Data excerpts:
◇ ◇ ◇
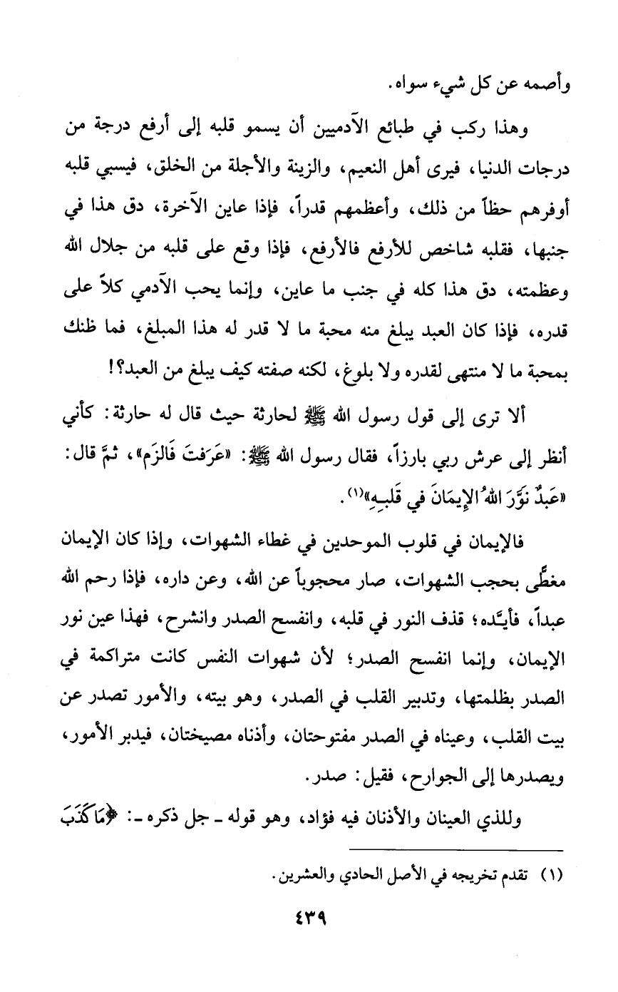 ألا ترى إلى قول رسول الله صلى الله عليه وسلم لحارثة حيث قال له حارثة: كأني أنظر إلى عرش ربي بارزاً، فقال رسول الله صلى الله عليه وسلم: ((عرفت فالزم))، ثم قال: ((عبدٌ نور الله الإيمان في قلبه)).
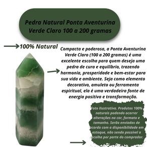A Ponta Aventurina Verde Claro de 100 a 200 gramas é uma verdadeira joia da natureza, com sua cor suave e refrescante que traz serenidade e equilíbrio para qualquer ambiente. Esta pedra natural é perfeita para quem deseja um toque de tranquilidade, prosperidade e harmonia em seu espaço, seja como peça decorativa ou amuleto energético. Com suas propriedades curativas e calmantes, a aventurina verde claro é conhecida por promover a harmonia emocional, a abundância e o bem-estar. Sua energia suave favorece o equilíbrio interior e o alinhamento dos chakras, criando um ambiente de paz e positividade. Benefícios da Ponta Aventurina Verde Claro (100 a 200 gramas):
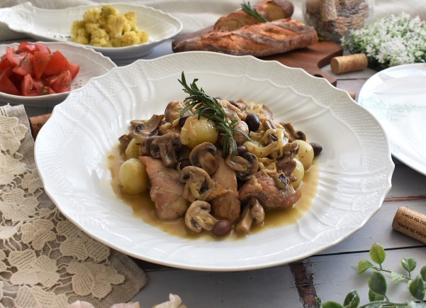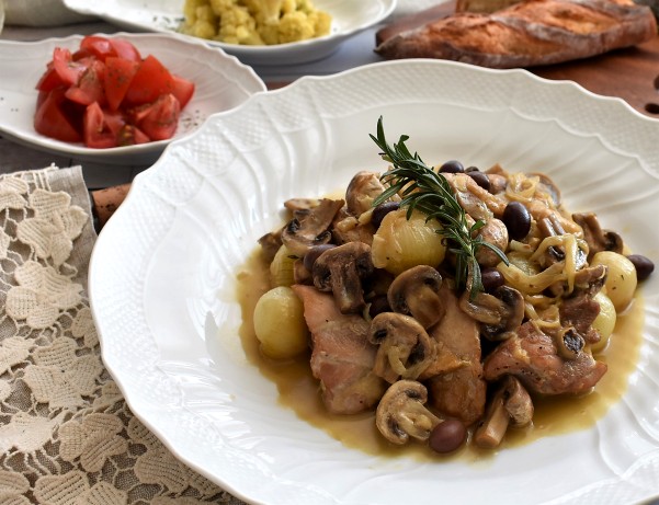 ワインヴィネガーが入るので鶏肉はやわらか~
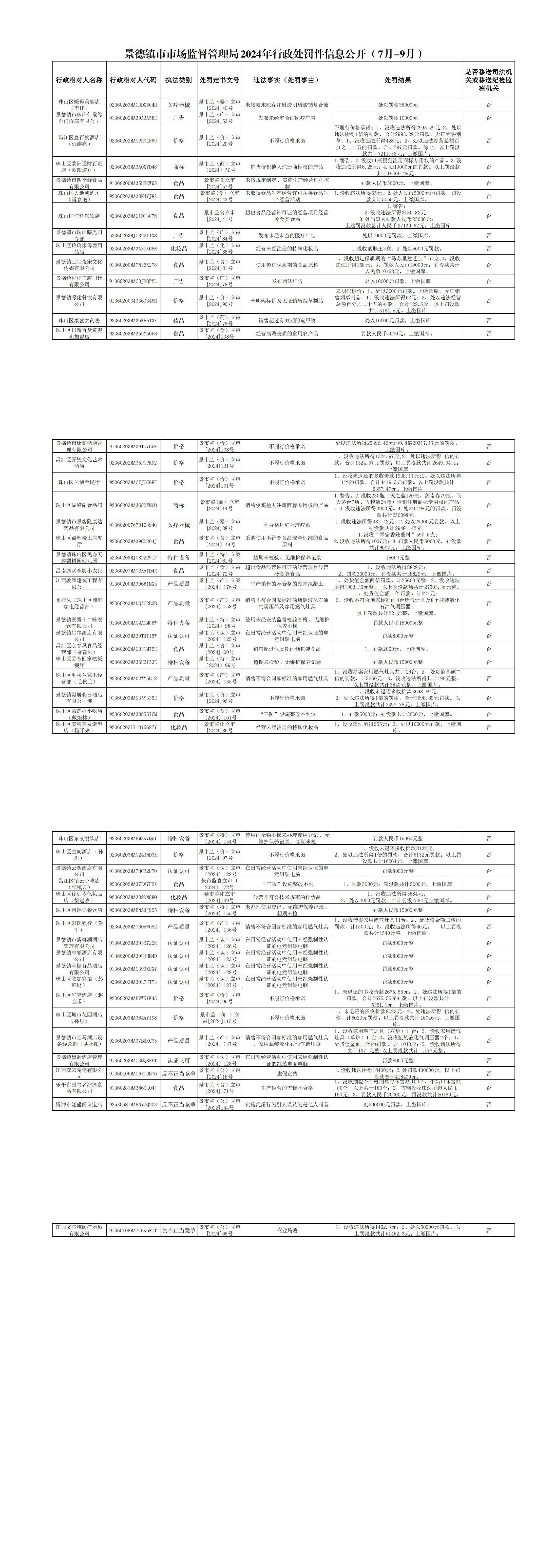 景德镇市市场监督管理局2024年行政处罚案件信息公开(7月—9月)
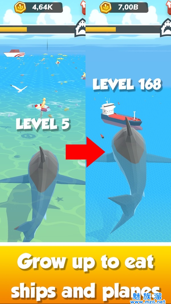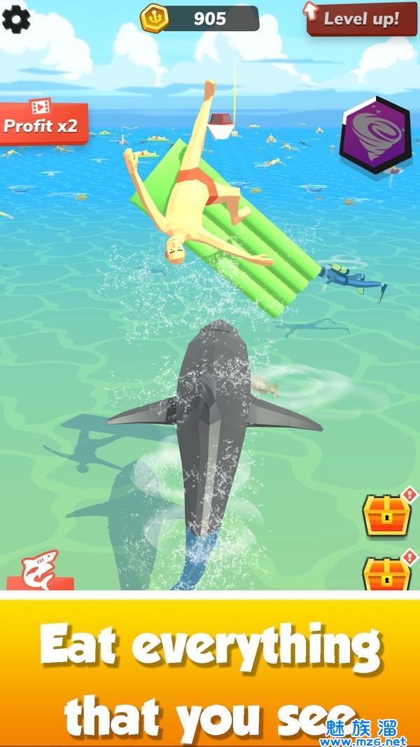 2、控制饥饿的白鲨,前往海洋,通过吃掉路上的所有食物来提高技能!
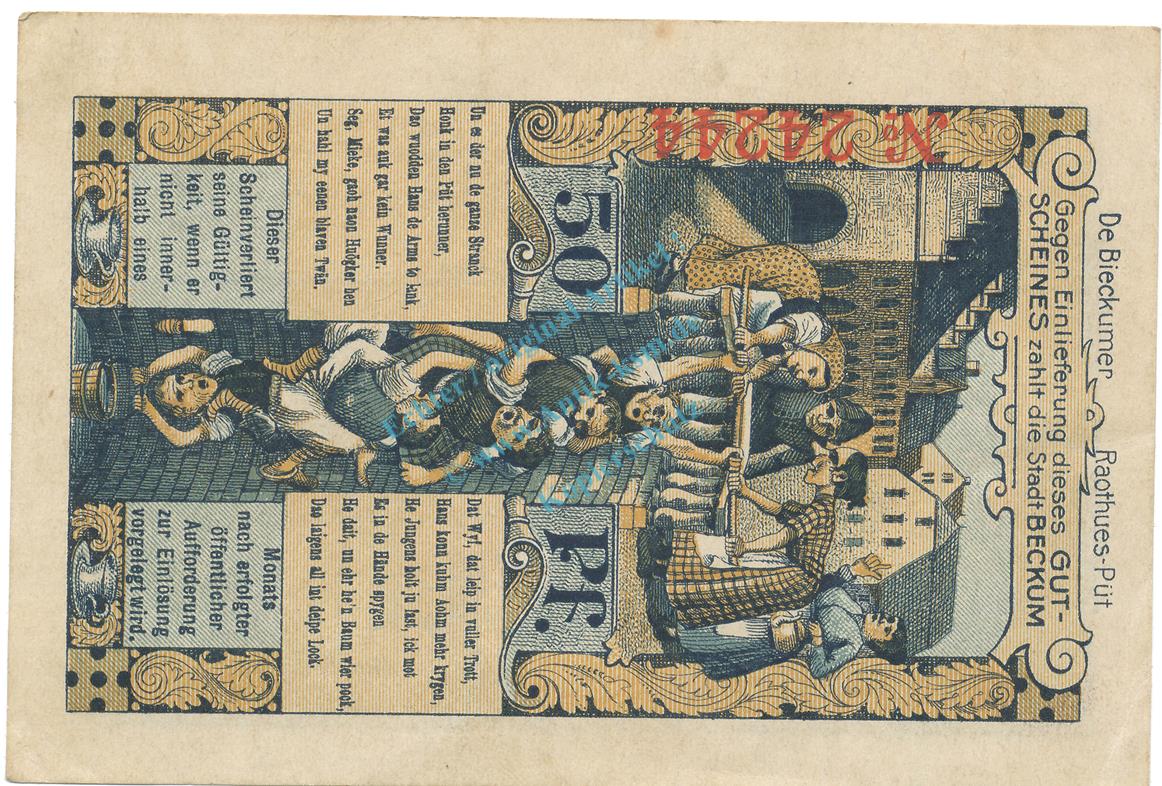 Beckum , Notgeld 50 Pfennig Schein unc-kfr. Ti.0370.10.01.c NRW 1918 Verkehrsausgabe -4247-
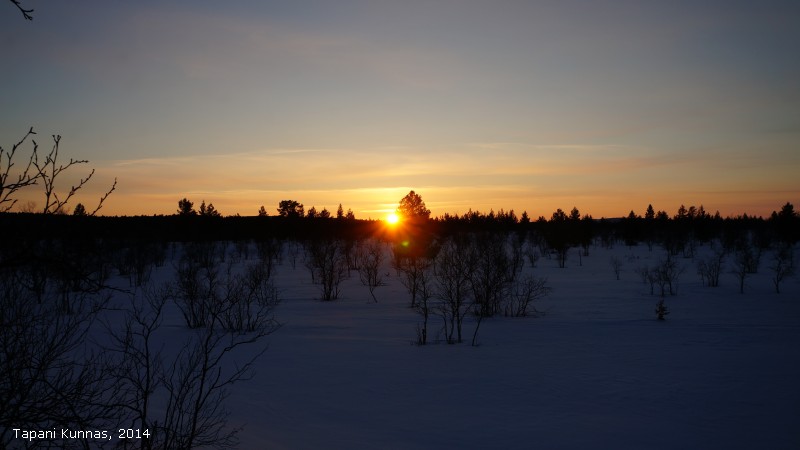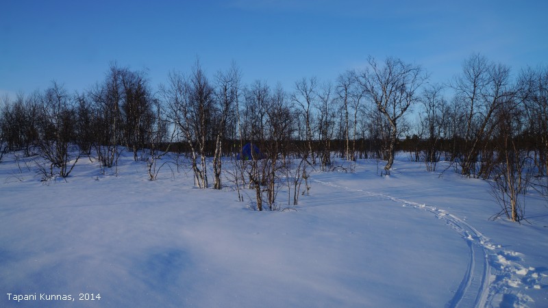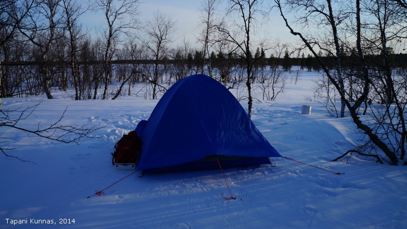 Olen edennyt päivän aikana runsaan kilometrin kauemmas kuin mitä aamulla keskinvauhdin perusteella arvelin. Yöpaikkani on riittävän kaukana kelkkareitistä ja saan telttani sillä tavoin puiden taakse, että vaikka joku kelkkailija nyt tähän suuntaan katsoisikin, tuskin leiriäni havaitsisi. Teltan pystytettyäni käyn tavanomaisiin iltatoimiin: vien makuualustan telttaan pullistumaan, otan kattilan täyteen lunta, ja sytytän keittimeen tulen sen sulattamiseksi. Näin illalla kun laittaa termospullon täyteen kuumaa vettä, on se vielä aamulla riittävän lämmintä hampaiden pesemistä varten ja pienellä lisälämmityksellä siitä saa nopeasti puuro- ja kahviveden.
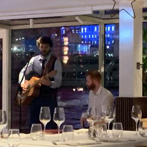 花火をみるポイントに移動するまでは船内ではライブが行われ、川岸の夜景と共に楽しみました。
◇ ◇ ◇
ACTIVITY: Once the line containing "Olen edennyt päivän" is found, copy it and each line after it through the end of the entries above exactly; nothing else, and no pictures.

THE ANSWER:
 Olen edennyt päivän aikana runsaan kilometrin kauemmas kuin mitä aamulla keskinvauhdin perusteella arvelin. Yöpaikkani on riittävän kaukana kelkkareitistä ja saan telttani sillä tavoin puiden taakse, että vaikka joku kelkkailija nyt tähän suuntaan katsoisikin, tuskin leiriäni havaitsisi. Teltan pystytettyäni käyn tavanomaisiin iltatoimiin: vien makuualustan telttaan pullistumaan, otan kattilan täyteen lunta, ja sytytän keittimeen tulen sen sulattamiseksi. Näin illalla kun laittaa termospullon täyteen kuumaa vettä, on se vielä aamulla riittävän lämmintä hampaiden pesemistä varten ja pienellä lisälämmityksellä siitä saa nopeasti puuro- ja kahviveden.
 花火をみるポイントに移動するまでは船内ではライブが行われ、川岸の夜景と共に楽しみました。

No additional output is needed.